*** Data ***
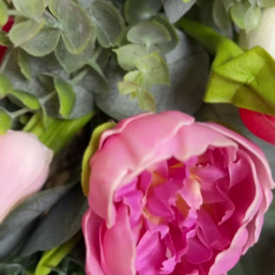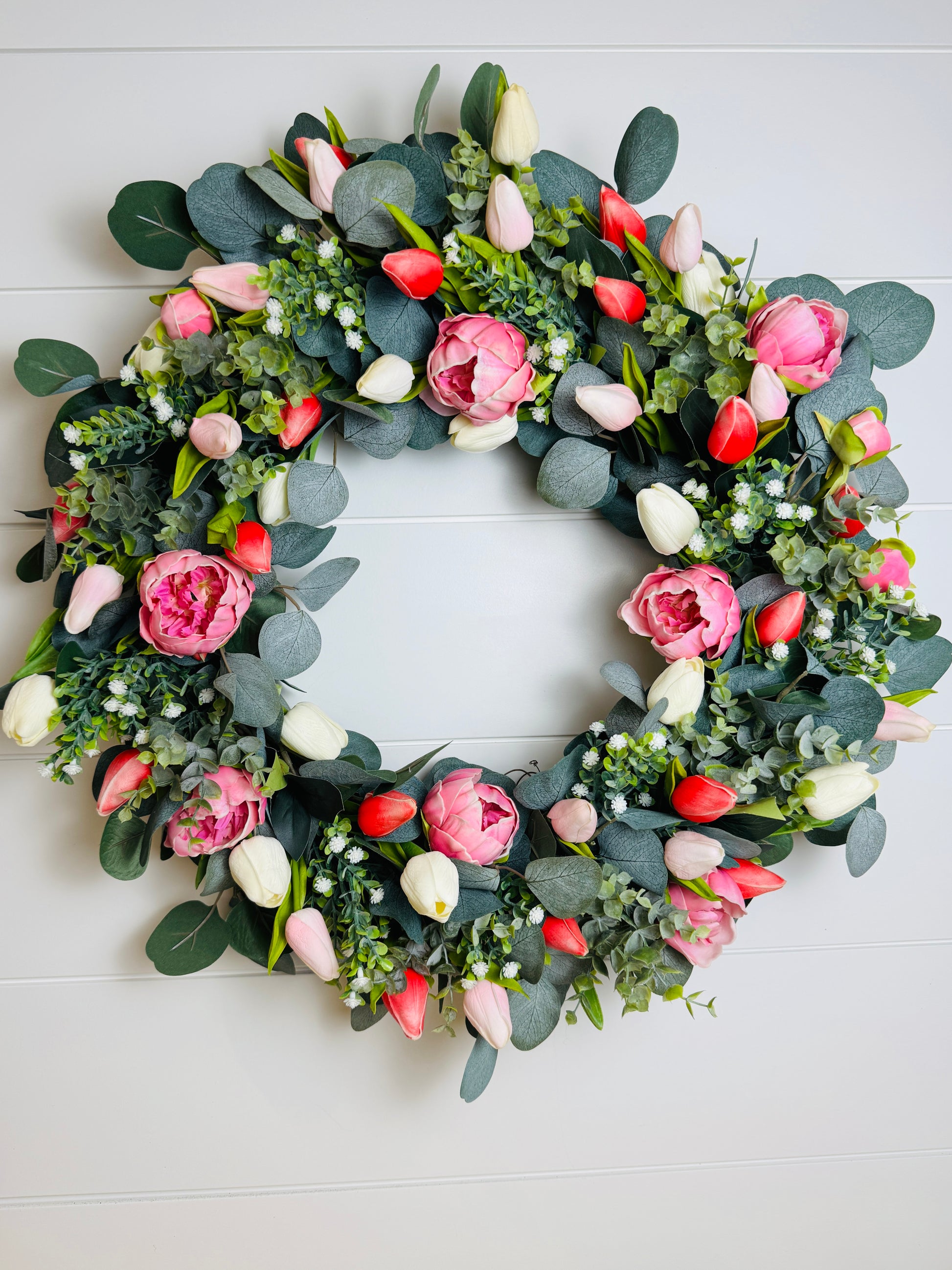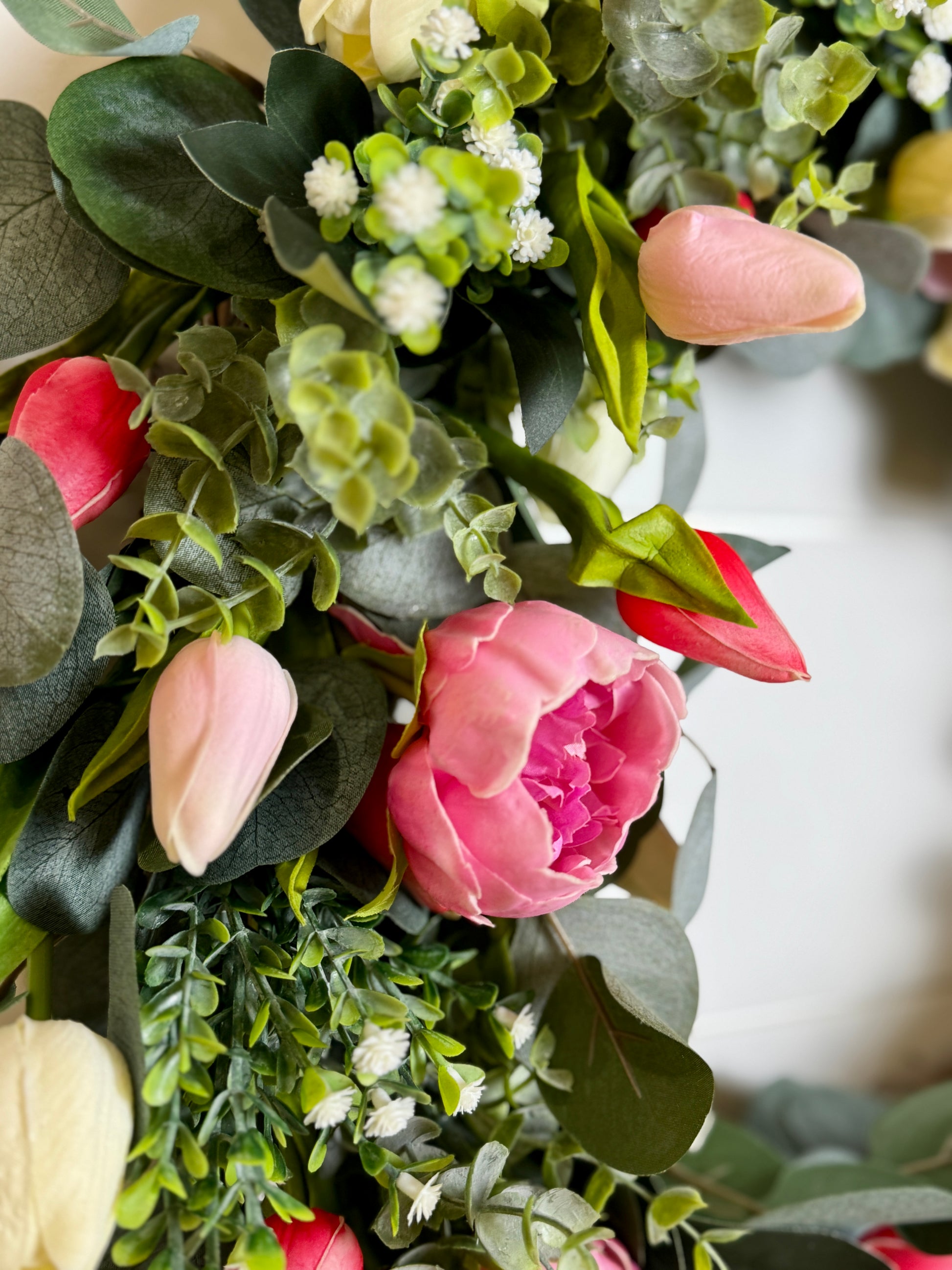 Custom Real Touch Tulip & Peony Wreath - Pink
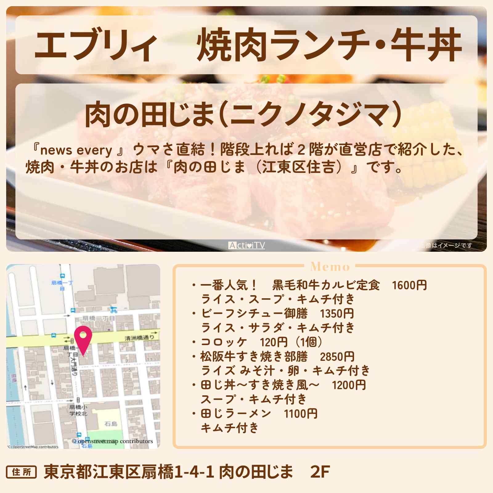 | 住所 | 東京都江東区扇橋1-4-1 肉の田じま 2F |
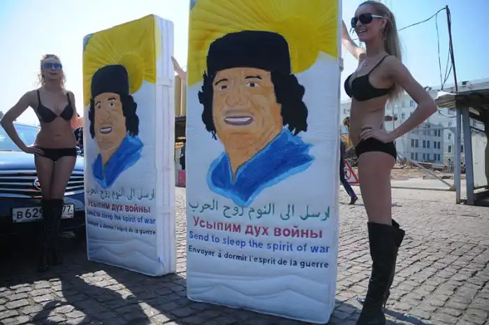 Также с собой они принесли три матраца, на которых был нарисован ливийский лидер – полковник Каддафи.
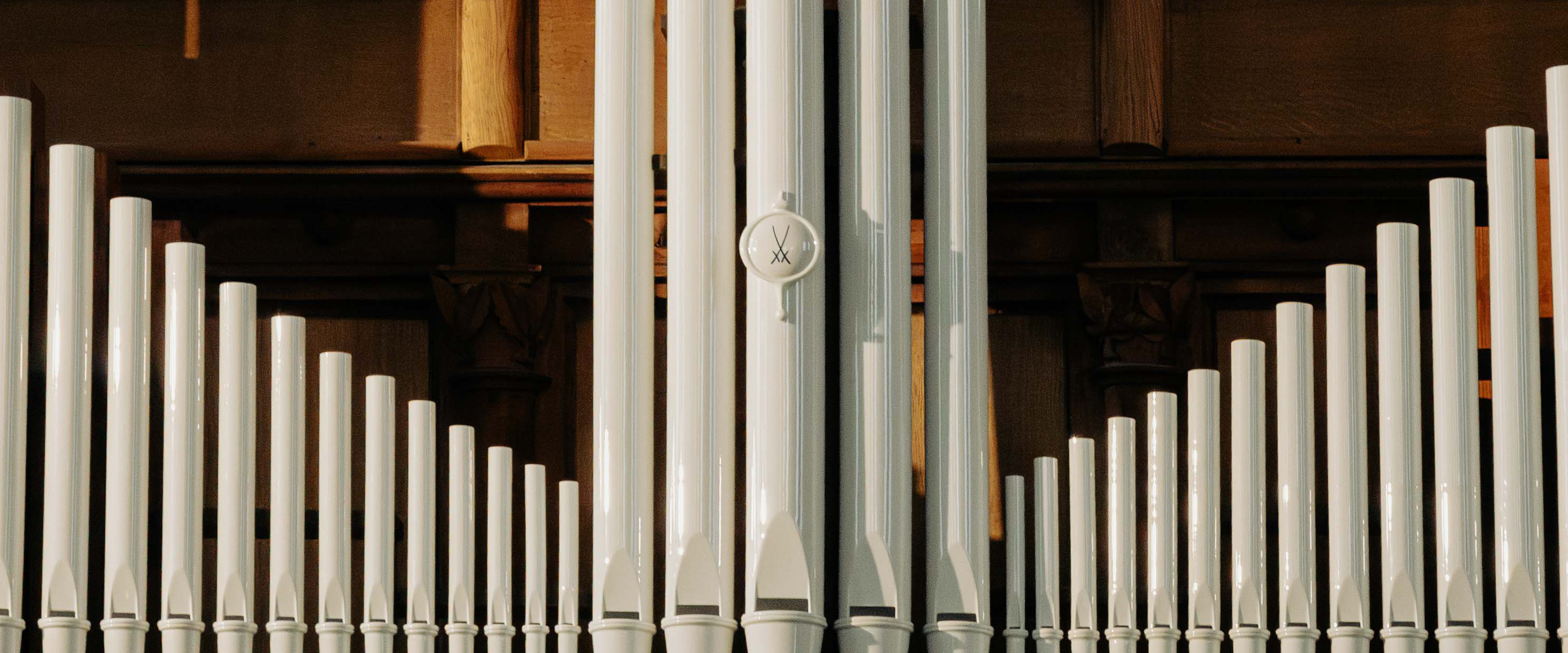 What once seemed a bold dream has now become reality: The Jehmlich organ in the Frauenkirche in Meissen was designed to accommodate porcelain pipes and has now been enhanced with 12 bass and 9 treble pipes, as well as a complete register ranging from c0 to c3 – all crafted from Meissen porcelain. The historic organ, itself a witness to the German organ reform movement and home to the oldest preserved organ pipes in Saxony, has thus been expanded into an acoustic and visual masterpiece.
*** End of Data ***
• Activity
Images are to be omitted; repeat the remaining data above exactly.

• Answer to this task
 Custom Real Touch Tulip & Peony Wreath - Pink
 | 住所 | 東京都江東区扇橋1-4-1 肉の田じま 2F |
 Также с собой они принесли три матраца, на которых был нарисован ливийский лидер – полковник Каддафи.
 What once seemed a bold dream has now become reality: The Jehmlich organ in the Frauenkirche in Meissen was designed to accommodate porcelain pipes and has now been enhanced with 12 bass and 9 treble pipes, as well as a complete register ranging from c0 to c3 – all crafted from Meissen porcelain. The historic organ, itself a witness to the German organ reform movement and home to the oldest preserved organ pipes in Saxony, has thus been expanded into an acoustic and visual masterpiece.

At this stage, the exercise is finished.